Event correlation alerts: customize your alerts and make your job easier
This post is also available in : Spanish
One of the Pandora FMS functions we’re most pleased with, here at Pandora FMS HQ, is the events console, our intuitive interface that tracks incidents, facilitates teamwork and allows users to take appropriate action. But, let’s not forget another events-related functionality: event correlation alerts.
If we’re operating in an IT eco-system with thousands of active checks, it can be a painstaking and time-consuming chore establishing individual alerts for each one (ask anyone using Nagios ;)). Policies have taken some of the tedium out of monitoring, but there are other options to hand, such as the topic of this article: event correlation alerts.
Group generic alerts
Wouldn’t it be easier to establish a generic alert for all your production routers? So any router whose connection is interrupted immediately alerts you via email? Sound good? And what if you incorporate new routers and you don’t have to bother about configuring new alerts? Read on for the skinny….
Generic cluster alerts
The same concept can be applied to many situations, e.g. a dynamic cluster of web services, which alerts you when any node is overloaded, doesn’t matter which one.

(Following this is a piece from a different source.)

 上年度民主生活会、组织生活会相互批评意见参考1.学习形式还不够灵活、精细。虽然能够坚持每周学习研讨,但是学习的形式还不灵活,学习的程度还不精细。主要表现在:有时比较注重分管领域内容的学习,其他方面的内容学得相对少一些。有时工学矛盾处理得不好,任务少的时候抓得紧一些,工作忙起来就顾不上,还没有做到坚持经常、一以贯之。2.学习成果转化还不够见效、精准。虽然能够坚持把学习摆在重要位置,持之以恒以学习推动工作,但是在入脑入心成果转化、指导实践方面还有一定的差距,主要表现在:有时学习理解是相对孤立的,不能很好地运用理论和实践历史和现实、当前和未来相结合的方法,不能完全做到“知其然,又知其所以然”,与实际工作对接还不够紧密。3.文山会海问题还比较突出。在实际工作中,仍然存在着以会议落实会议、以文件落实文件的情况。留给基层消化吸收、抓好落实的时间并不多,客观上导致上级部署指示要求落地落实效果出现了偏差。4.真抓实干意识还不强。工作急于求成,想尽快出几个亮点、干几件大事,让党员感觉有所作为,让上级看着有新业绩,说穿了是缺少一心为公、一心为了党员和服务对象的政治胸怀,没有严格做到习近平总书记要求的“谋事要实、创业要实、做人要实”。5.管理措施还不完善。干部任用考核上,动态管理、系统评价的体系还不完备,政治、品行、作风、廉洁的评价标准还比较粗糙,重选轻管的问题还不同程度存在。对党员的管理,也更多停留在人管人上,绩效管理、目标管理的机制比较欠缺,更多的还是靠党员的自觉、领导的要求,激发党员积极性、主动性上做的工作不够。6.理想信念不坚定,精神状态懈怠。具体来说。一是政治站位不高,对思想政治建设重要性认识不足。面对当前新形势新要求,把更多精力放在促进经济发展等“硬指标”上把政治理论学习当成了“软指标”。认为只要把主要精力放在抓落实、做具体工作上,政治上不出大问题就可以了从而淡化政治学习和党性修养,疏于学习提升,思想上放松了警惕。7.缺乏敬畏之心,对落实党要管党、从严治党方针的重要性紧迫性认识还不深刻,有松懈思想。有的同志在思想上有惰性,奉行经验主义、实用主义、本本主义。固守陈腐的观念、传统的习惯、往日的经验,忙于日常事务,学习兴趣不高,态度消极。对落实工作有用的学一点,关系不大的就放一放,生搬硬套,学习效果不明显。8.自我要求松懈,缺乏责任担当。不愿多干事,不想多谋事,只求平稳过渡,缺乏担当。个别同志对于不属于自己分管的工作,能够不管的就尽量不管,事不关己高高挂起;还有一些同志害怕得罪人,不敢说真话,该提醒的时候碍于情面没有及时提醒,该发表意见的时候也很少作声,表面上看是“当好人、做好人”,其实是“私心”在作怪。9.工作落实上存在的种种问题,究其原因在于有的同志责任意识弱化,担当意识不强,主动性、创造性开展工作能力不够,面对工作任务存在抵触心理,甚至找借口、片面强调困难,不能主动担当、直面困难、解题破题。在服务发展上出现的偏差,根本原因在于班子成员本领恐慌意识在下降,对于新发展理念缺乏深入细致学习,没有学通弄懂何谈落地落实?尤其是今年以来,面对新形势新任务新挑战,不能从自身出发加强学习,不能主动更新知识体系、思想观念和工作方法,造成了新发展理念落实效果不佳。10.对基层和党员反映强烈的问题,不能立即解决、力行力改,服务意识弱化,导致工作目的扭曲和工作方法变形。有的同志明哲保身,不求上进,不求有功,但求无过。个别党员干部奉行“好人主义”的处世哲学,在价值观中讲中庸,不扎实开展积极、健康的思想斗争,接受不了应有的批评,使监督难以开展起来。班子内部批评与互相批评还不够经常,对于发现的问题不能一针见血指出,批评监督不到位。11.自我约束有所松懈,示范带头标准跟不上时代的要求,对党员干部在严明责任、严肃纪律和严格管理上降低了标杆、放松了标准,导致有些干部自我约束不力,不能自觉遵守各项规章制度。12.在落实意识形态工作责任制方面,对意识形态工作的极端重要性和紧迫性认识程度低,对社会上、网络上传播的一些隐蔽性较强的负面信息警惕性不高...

But that’s not all! You can also establish alert combination logic, meaning you get a heads up when, for example, two critical events happen simultaneously or contiguously. Or when various critical latency events appear at the same time, or almost.
All is possible thanks to event correlation alerts, whose trigger conditions aren’t like the usual Pandora FMS alerts which do, in their case, have to be defined 1:1.
Let’s go into a little more depth in the article proper.
Firstly, let’s get reacquainted with our old amigo, the events console, whose task is to provide an intuitive, visual display of the latest goings-on on your monitoring system.
Whether it’s changes in status, new agent creation, or alert triggering, new circumstances are reflected on the events console.
Events contain detailed information about whatever it was that generated the event, such as: the element in question (agent, alert, module…), the exact moment the incident was produced (date, time, hour, minute…), the criticalness or severity of the event, and furthermore allows you to access the history, graphs and all information associated with the element that triggered the event.
Apart from containing information, events allow you to interact with both systems and your operations group, or others, via comments:
There’s also a little something we like to call manual remote actions, which can be carried out on events, like assigning or changing an owner, modifying a status or pinging a host to check it is mounted. These options cam be extended and customized to integrate them with other apps.
The events console displays all the information sysadmins dream of, and more, as you can see and believe. Now let’s move on to take a look at how to work with an event correlation and alerts system.
Event correlation alerts operation overview
Events-based alerts, consisting of automatically executing a series of actions in function of a conjunction of rules applied to generated events.
Standard Pandora FMS alerts are individually associated to modules and define the triggering conditions, which usually take into account the module status or the data they themselves collect. The procedure is different in the case of event correlation alerts.
Alert triggering is carried out based on a series of filters, or configurable rules. Using these filters it’s possible to choose what kind of event you want to trigger the alert, find out which agent generated the event or even the textual content.
The fields selected when you set your filters are compared with events that are generated and, if coincidences are found, an alert will be triggered. For example, if you create a filter to warn you about any critical event on “Host Alive” modules, you effectively create an alert for an outage on any system.
You can use different filters with various options for the same alert, meaning that a range of events can trigger an alert, allowing full correlation between events and alerts, useful in cases where you want a specific alert for simultaneous or repeated fails, e.g., if a system crashes several times a day, or various cluster nodes display critical failage during a specified window.
Furthermore, the event alerts system is handy for warning of inventory changes, unauthorized hardware modifications or non-aligned software installations.
Creating events-based alerts is uncomplicated and allows for great flexibility, like regular alerts. To create, access the event alerts section, and click Create to fill out a field similar to the regular alerts templates.
Indicate the parameters (alert name, default action, alert time range) on the first form. You can restrict the alert to weekdays, 9 to 5, whatever works:
Obey the wizard while it walks you through and you’ll see your alerts list, as and how you’ve set it up:
Next, define the filters that will trigger the alert by clicking: E.g., you want an alert to trigger when a “Network traffic” module reads warning:
There is a way to stretch the event alerts system even further, by creating automated script-based events with API or CLI, to help with unknown unknowns, such as event creation based on TRAPS SNMP, SMS text content events, or Telegram messaging, and third-party integration developments.